_Required action_
Retype each line of the data below exactly, beginning with the first and ending with the one that contains "This bingo card". Pictures do not belong in the copy.

==================================================

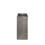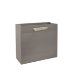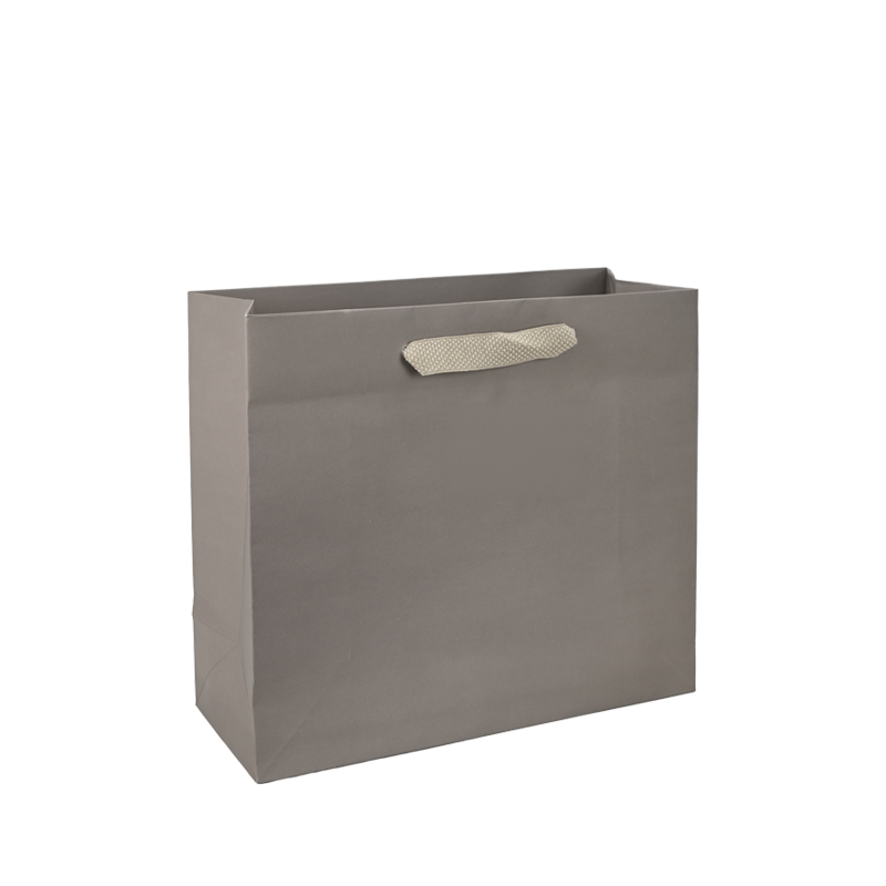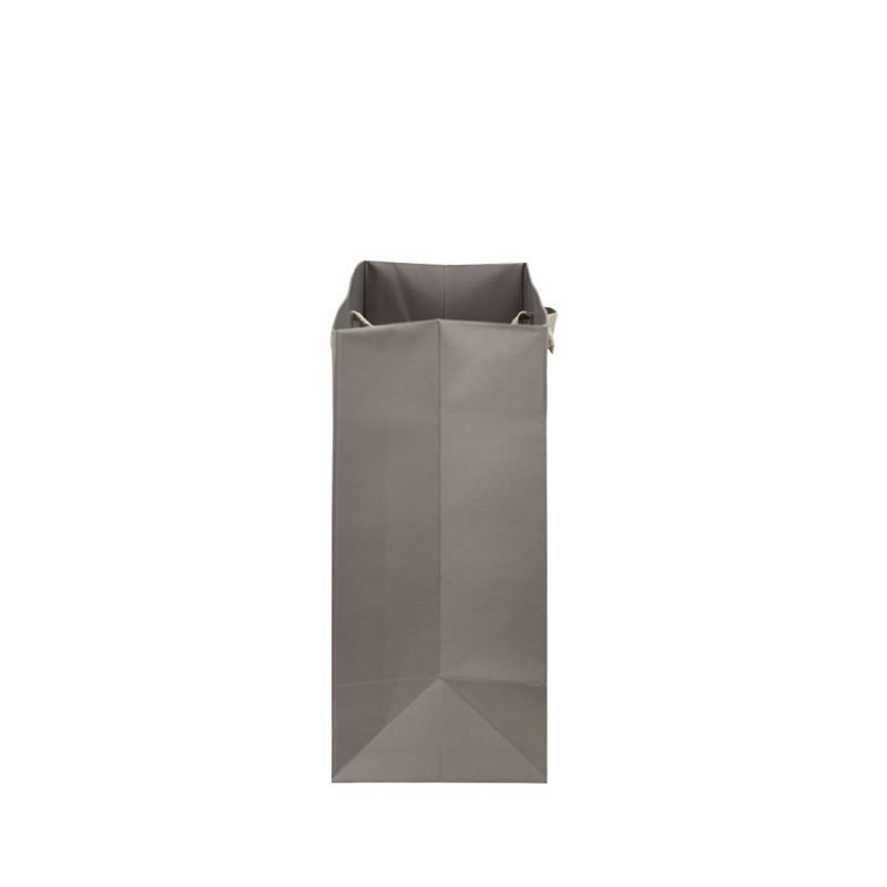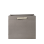 Taupekleurig bedrukte luxe papieren draagtas met omgeslagen bovenrand, gemaakt van 170 grams wit kraft papier. De draagtas is voorzien van 2 crème kleurig katoenen linten die zijn vastgeknoopt aan de binnenzijde van de draagtas. De binnenzijde van de tas is wit.
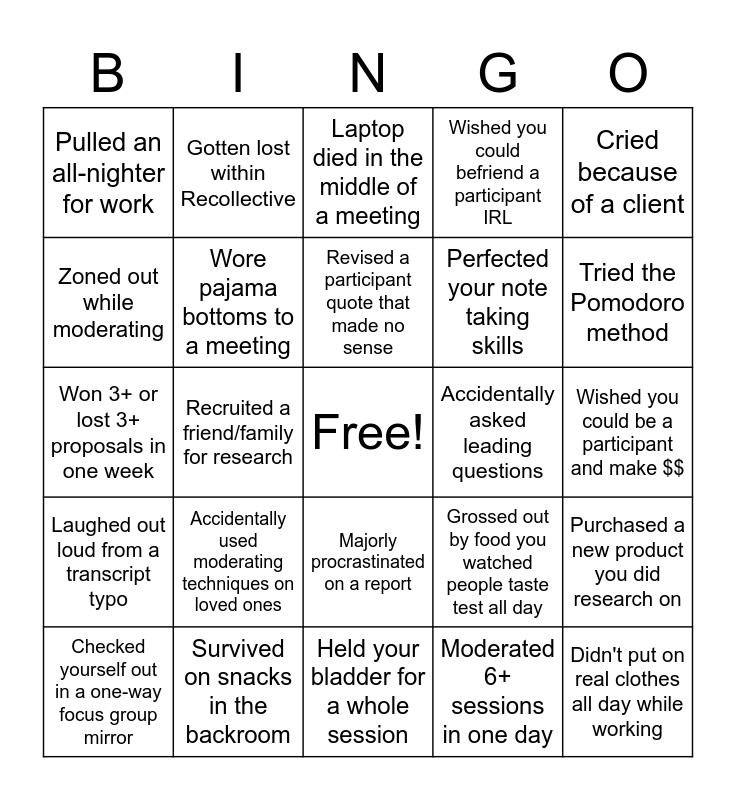 This bingo card has a free space and 39 words: Immediately noted a typo... after you sent the email, "Tell me more about that", Been confused by a quant methodology, Grossed out by food you watched people taste test all day, Purchased a new product you did research on, Laughed out loud from a transcript typo, Recruited a friend/family for research, Accidentally been late to a client meeting, Accidentally asked leading questions, Wished you could be a participant and make $$, Zoned out while moderating, Gotten lost within Recollective, Had a dream about work, Tried the Pomodoro method, Won 3+ or lost 3+ proposals in one week, Accidentally used moderating techniques on loved ones, Majorly procrastinated on a report, Wished you could befriend a participant IRL, Dealt with a scam participant, Checked yourself out in a one-way focus group mirror, Wore pajama bottoms to a meeting, Revised a participant quote that made no sense, Moderated 6+ sessions in one day, Cried because of a client, Cringed while watching footage of yourself moderating, Survived on snacks in the backroom, Held your bladder for a whole session, Wined and dined clients, Had a flight delayed while travelling for work, Pulled an all-nighter for work, Treated yourself on the client's dime, Visited a new state for work, Perfected your note taking skills, Didn't put on real clothes all day while working, Copied and pasted directly off another proposal, "Hey, does anyone know a proposal where...", Laptop died in the middle of a meeting, Been on hold with Handled for far too long and Asked quant team for Excel help.
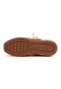 Μπεζ σουέτ αθλητικά παπούτσια με ανοιχτό μπλε λεπτομέρειες, στρογγυλή μύτη και κρέμ κορδόνια. Φορεμένα με λευκές ριγωτές κάλτσες, με καφέ λαστιχένια σόλα.
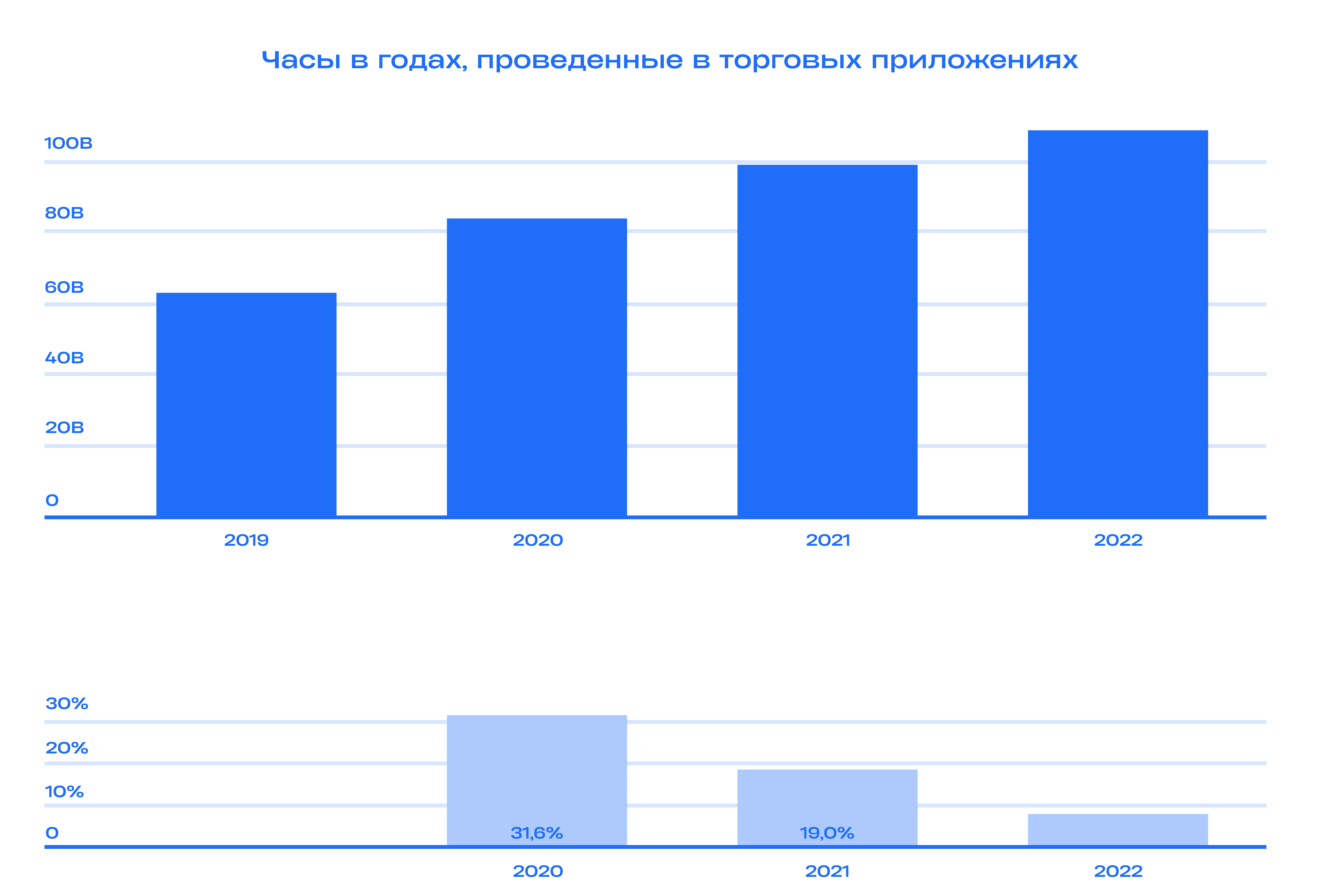 Число мобильных покупок, количество установок приложений и длительность сессий в них также продолжают расти.
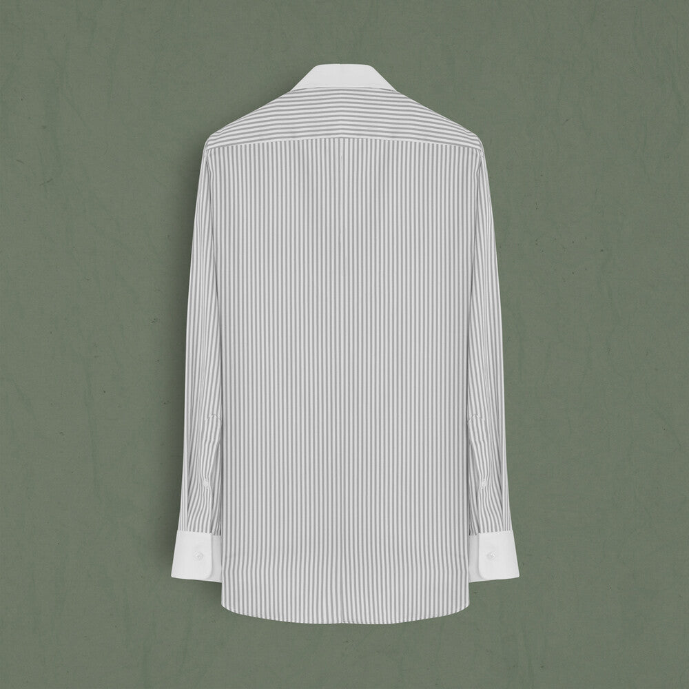 Lidya Çizgili Açık Gri Kadın Gömlek
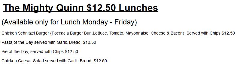 - Chicken Schnitzel Burger - Foccacia burger bun, lettuce, tomato, mayonnaise, cheese & bacon, served with chips.
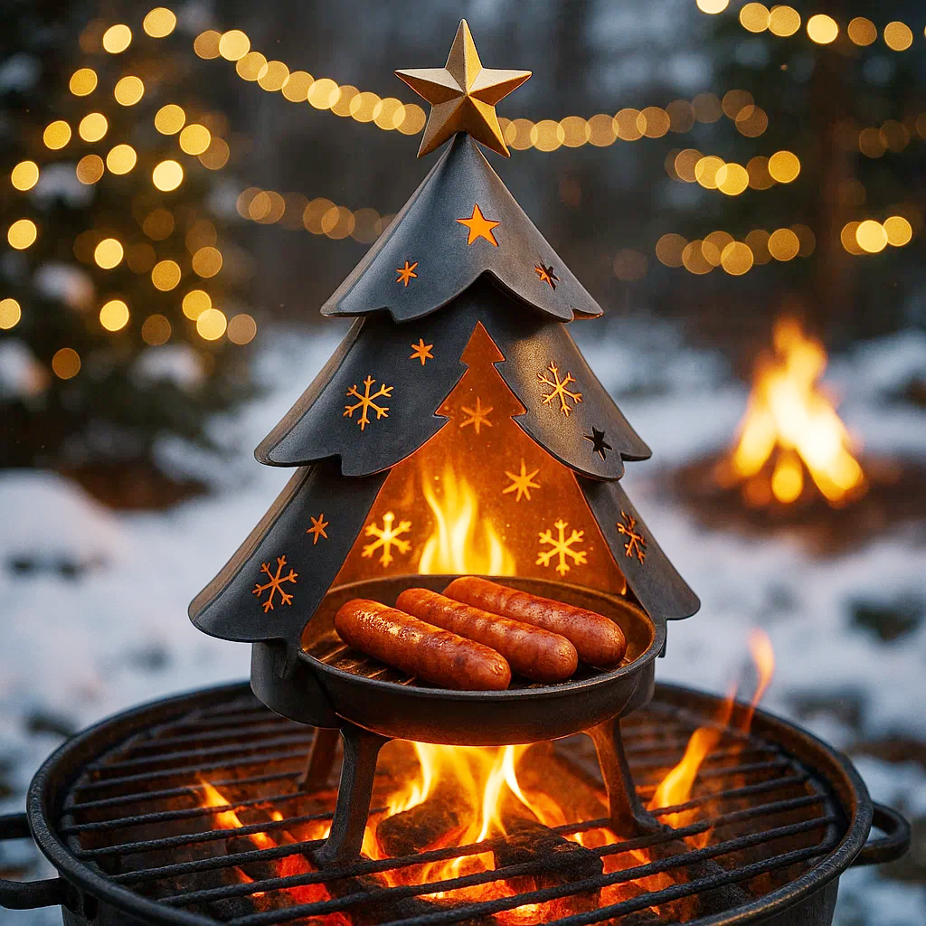 🎄 Der Weihnachtsbaum-Grillständer ist von der Romantik der Weihnachtszeit inspiriert. Seine geschichtete Baumform und die zarten Schneeflocken-Ausschnitte schimmern im Schein des Feuers und schaffen eine zauberhafte Weihnachtsnachtszene, die einem Wintertraum entsprungen scheint.
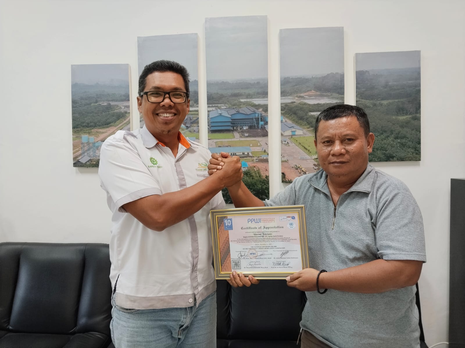 Sanggau, Mentari khatulistiwa.co.id– Ketua Dewan Pimpinan Cabang Persatuan Pewarta Warga Indonesia (DPC PPWI) Kabupaten Sanggau, Sutrisno, memberikan Certificate of Appreciation kepada Production Head Jumartlin T. Purba melalui Wawan Febrianto, Deputy GM Mill PKS Penyeladi – PT Agrina Sawit Perdana (ASP). Selasa 9 /12/2025

==================================================

_Exercise output_
 Taupekleurig bedrukte luxe papieren draagtas met omgeslagen bovenrand, gemaakt van 170 grams wit kraft papier. De draagtas is voorzien van 2 crème kleurig katoenen linten die zijn vastgeknoopt aan de binnenzijde van de draagtas. De binnenzijde van de tas is wit.
 This bingo card has a free space and 39 words: Immediately noted a typo... after you sent the email, "Tell me more about that", Been confused by a quant methodology, Grossed out by food you watched people taste test all day, Purchased a new product you did research on, Laughed out loud from a transcript typo, Recruited a friend/family for research, Accidentally been late to a client meeting, Accidentally asked leading questions, Wished you could be a participant and make $$, Zoned out while moderating, Gotten lost within Recollective, Had a dream about work, Tried the Pomodoro method, Won 3+ or lost 3+ proposals in one week, Accidentally used moderating techniques on loved ones, Majorly procrastinated on a report, Wished you could befriend a participant IRL, Dealt with a scam participant, Checked yourself out in a one-way focus group mirror, Wore pajama bottoms to a meeting, Revised a participant quote that made no sense, Moderated 6+ sessions in one day, Cried because of a client, Cringed while watching footage of yourself moderating, Survived on snacks in the backroom, Held your bladder for a whole session, Wined and dined clients, Had a flight delayed while travelling for work, Pulled an all-nighter for work, Treated yourself on the client's dime, Visited a new state for work, Perfected your note taking skills, Didn't put on real clothes all day while working, Copied and pasted directly off another proposal, "Hey, does anyone know a proposal where...", Laptop died in the middle of a meeting, Been on hold with Handled for far too long and Asked quant team for Excel help.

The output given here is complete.